■ TASK PROMPT ■
Could the data below be retyped exactly, without its pictures?

■ SUPPLIED DATA ■
........
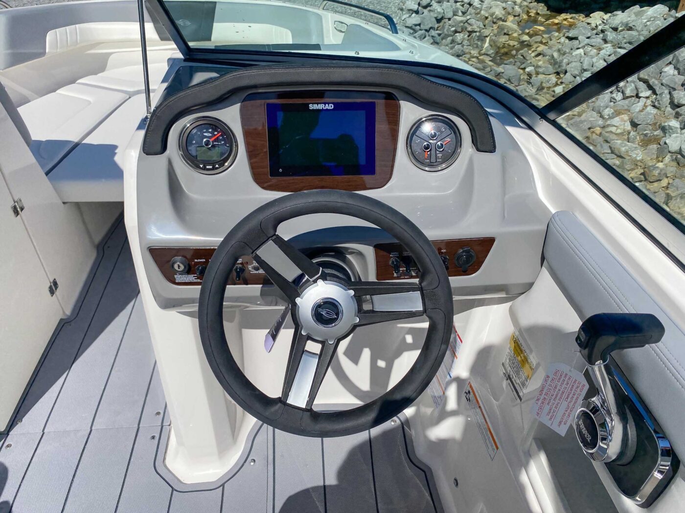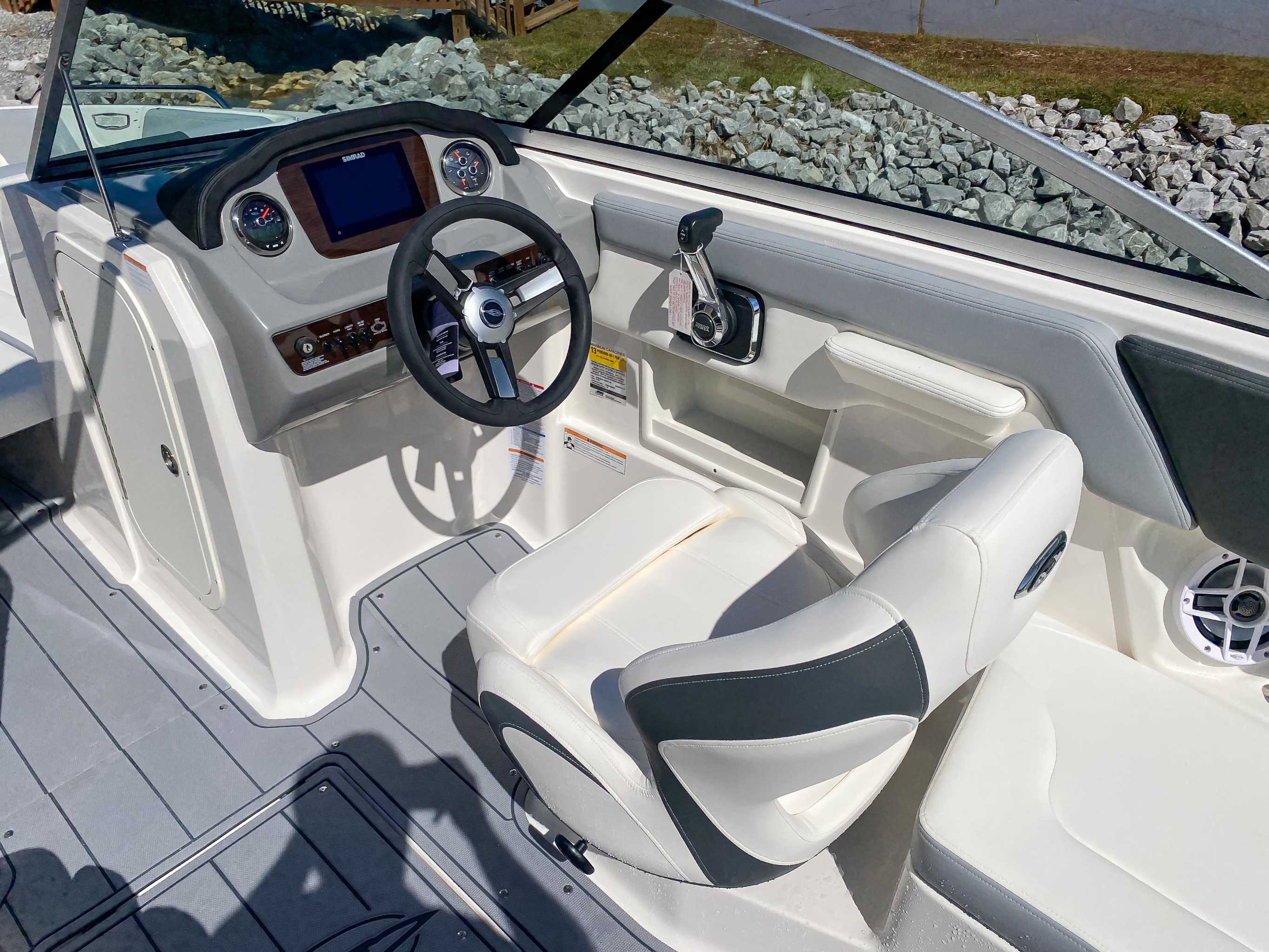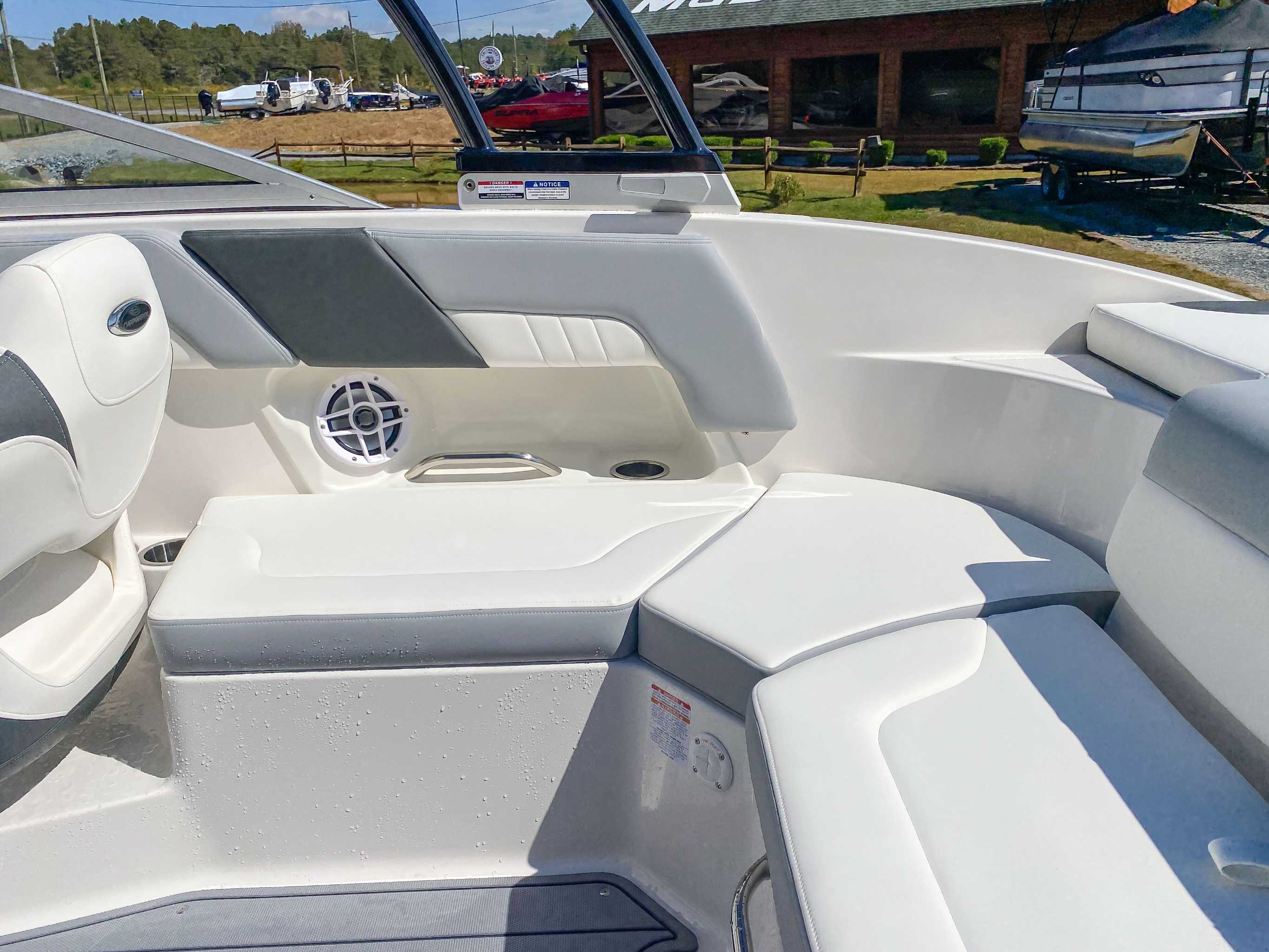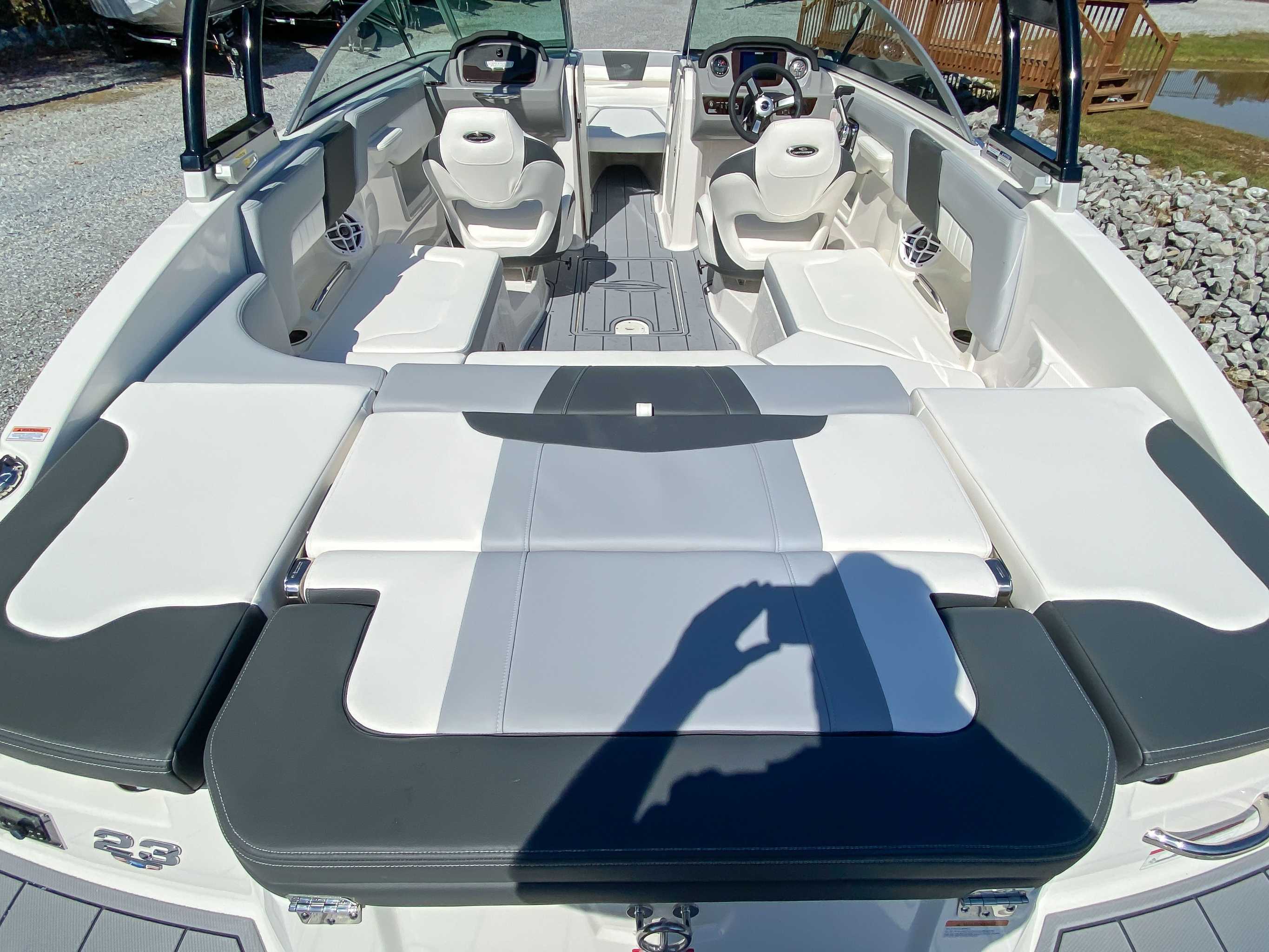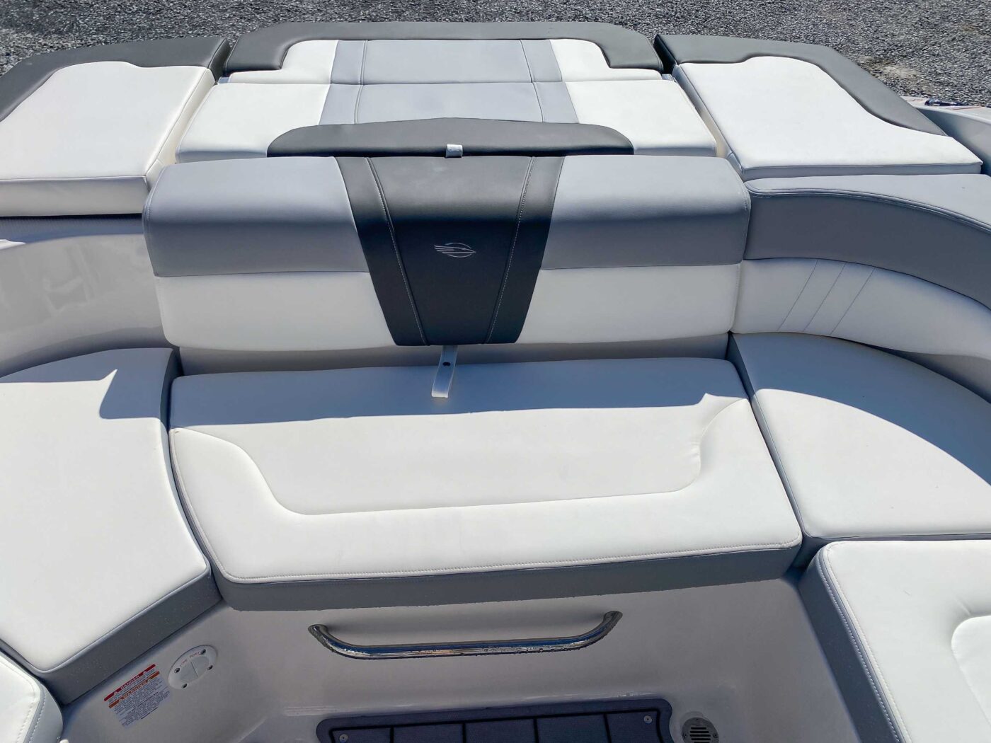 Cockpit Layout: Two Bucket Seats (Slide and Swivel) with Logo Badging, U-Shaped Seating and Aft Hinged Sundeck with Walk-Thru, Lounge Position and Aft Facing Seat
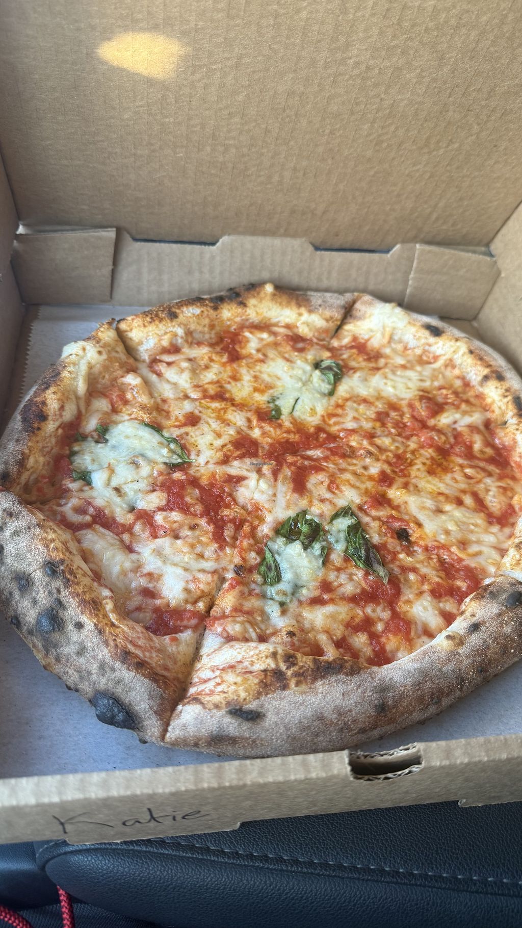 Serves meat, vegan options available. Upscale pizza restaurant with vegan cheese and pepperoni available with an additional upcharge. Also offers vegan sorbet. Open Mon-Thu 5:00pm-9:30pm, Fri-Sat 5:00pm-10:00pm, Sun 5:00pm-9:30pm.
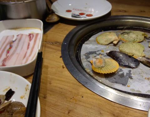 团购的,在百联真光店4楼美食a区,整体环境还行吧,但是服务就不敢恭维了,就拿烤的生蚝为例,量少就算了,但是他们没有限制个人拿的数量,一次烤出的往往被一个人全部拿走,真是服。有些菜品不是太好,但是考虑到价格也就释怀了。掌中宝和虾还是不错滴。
........
■ FINAL ANSWER ■
 Cockpit Layout: Two Bucket Seats (Slide and Swivel) with Logo Badging, U-Shaped Seating and Aft Hinged Sundeck with Walk-Thru, Lounge Position and Aft Facing Seat
 Serves meat, vegan options available. Upscale pizza restaurant with vegan cheese and pepperoni available with an additional upcharge. Also offers vegan sorbet. Open Mon-Thu 5:00pm-9:30pm, Fri-Sat 5:00pm-10:00pm, Sun 5:00pm-9:30pm.
 团购的,在百联真光店4楼美食a区,整体环境还行吧,但是服务就不敢恭维了,就拿烤的生蚝为例,量少就算了,但是他们没有限制个人拿的数量,一次烤出的往往被一个人全部拿走,真是服。有些菜品不是太好,但是考虑到价格也就释怀了。掌中宝和虾还是不错滴。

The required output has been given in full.